Un exercice d’équilibriste 

Lors de son discours sur sa vision du Brexit prononcé le mois dernier à Florence, Theresa May s’est essayée à un exercice d’équilibriste rejetant aussi bien l'adhésion à l'EEE (l’Espace économique européen) calquée sur le style norvégien que le modèle de libre-échange que l’UE entretient avec le Canada, jugeant le premier modèle trop contraignant et le deuxième insuffisant en terme d’accès au marché européen.

La Première Ministre britannique semble privilégier un scénario où la Grande-Bretagne opterait pour une adhésion sélective à l’UE et son marché unique au gré de ses intérêts. Schématiquement, cela signifierait que, par exemple, le secteur manufacturier britannique pourrait théoriquement continuer à respecter les règlements nécessaires pour accéder au marché unique sans entraves, alors que, parallèlement, le secteur agricole britannique pourrait refuser d’adhérer à la législation européenne.

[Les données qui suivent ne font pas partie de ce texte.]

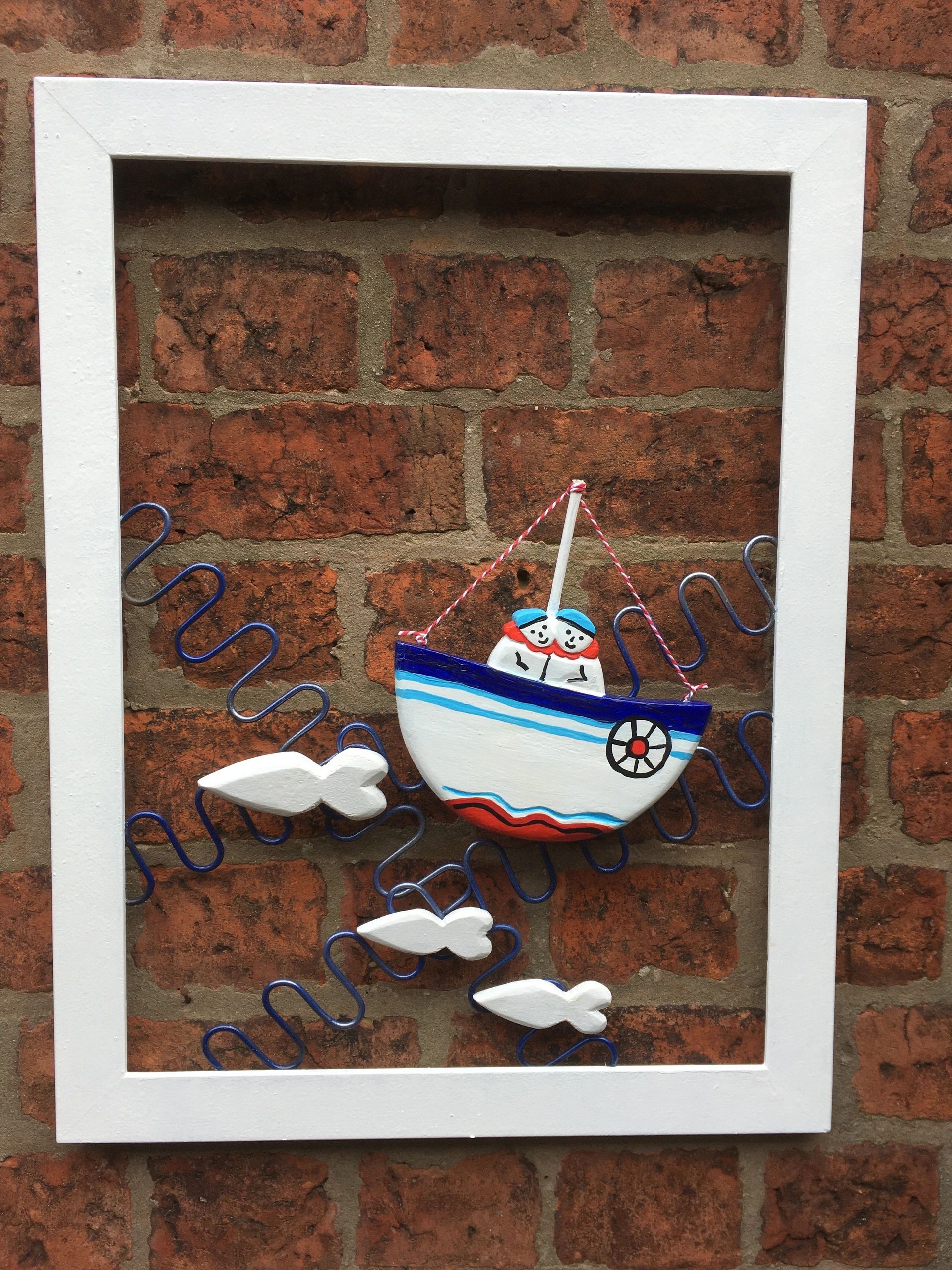 Wooden painted boat with wood fishes fixed onto salvaged chair springs, mounted in white wooden reclaimed frame.

Un cas de figure que le camp européen souhaite à tout prix éviter: «Préserver l'intégrité du marché unique exclut la participation basée sur une approche sectorielle […] Une chose est sûre: il n'est pas - et ne sera pas possible pour un pays tiers d'avoir les mêmes avantages que le modèle norvégien, mais les obligations limitées du modèle canadien. Et naturellement, tout accord doit respecter l'autonomie réglementaire de l'UE ainsi que l'intégrité de son ordre juridique», a récemment jugé Michel Barnier en charge des négociations avec le gouvernement britannique.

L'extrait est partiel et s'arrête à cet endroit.